Is there a more systematic way to surface this type of information in a team? in a company? across a business? Yes of course but it is not easy to do effectively.
The many years of forced march with knowledge management systems that no one kept up to date have given way to a more fluid sharing of knowledge through more informal systems, facilitated by easier social collaboration tooling – namely, blogs, wikis, communities, activity streams, photosharing, etc. But the tricks to getting the right information out of these systems are challenging, too – what information is worthy of attention, how to get busy people to participate, and how to evaluate whether time spent on these endeavors is worthwhile.

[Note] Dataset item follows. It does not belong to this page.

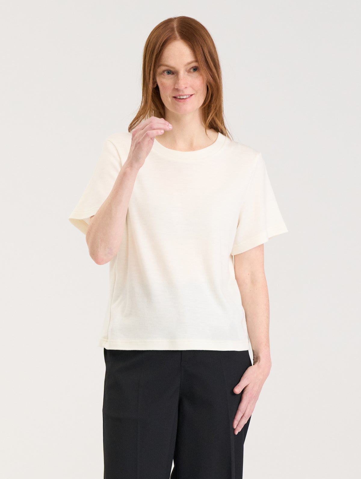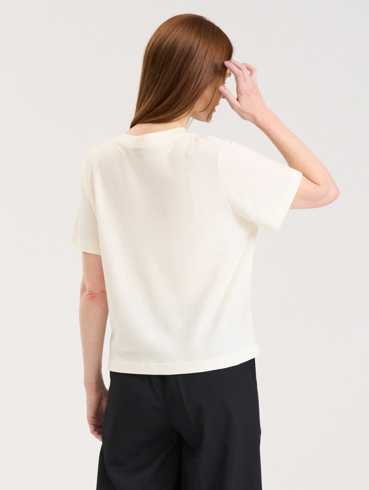 Pehmeästä merinoneuloksesta valmistettu naisten rento T-paita. Pyöreä pääntie.

At IBM I worked on these issues in several capacities. The central problems we addressed were finding expertise and finding information in a company of 400K+ people, and then, once that was humming, to extend it to the ecosystem of customers and partners so all could engage with each other. I managed programs to train IBM employees on the art of collaboration and built evangelism communities to support the programs when it quickly became clear this was about behavior change, not tools. We were challenged by what to measure – activity measures such as likes or followers only tell you so much – and I think the industry as a whole is still searching for viable metrics.
The biggest lesson learned is how much deliberate effort it takes to create serendipity when you have a busy, often virtual, workforce. But once people experience the benefit of collaboration in a connection made, or time saved, or a win because someone has the right info at the right time – it is a very powerful endorsement for expending that effort.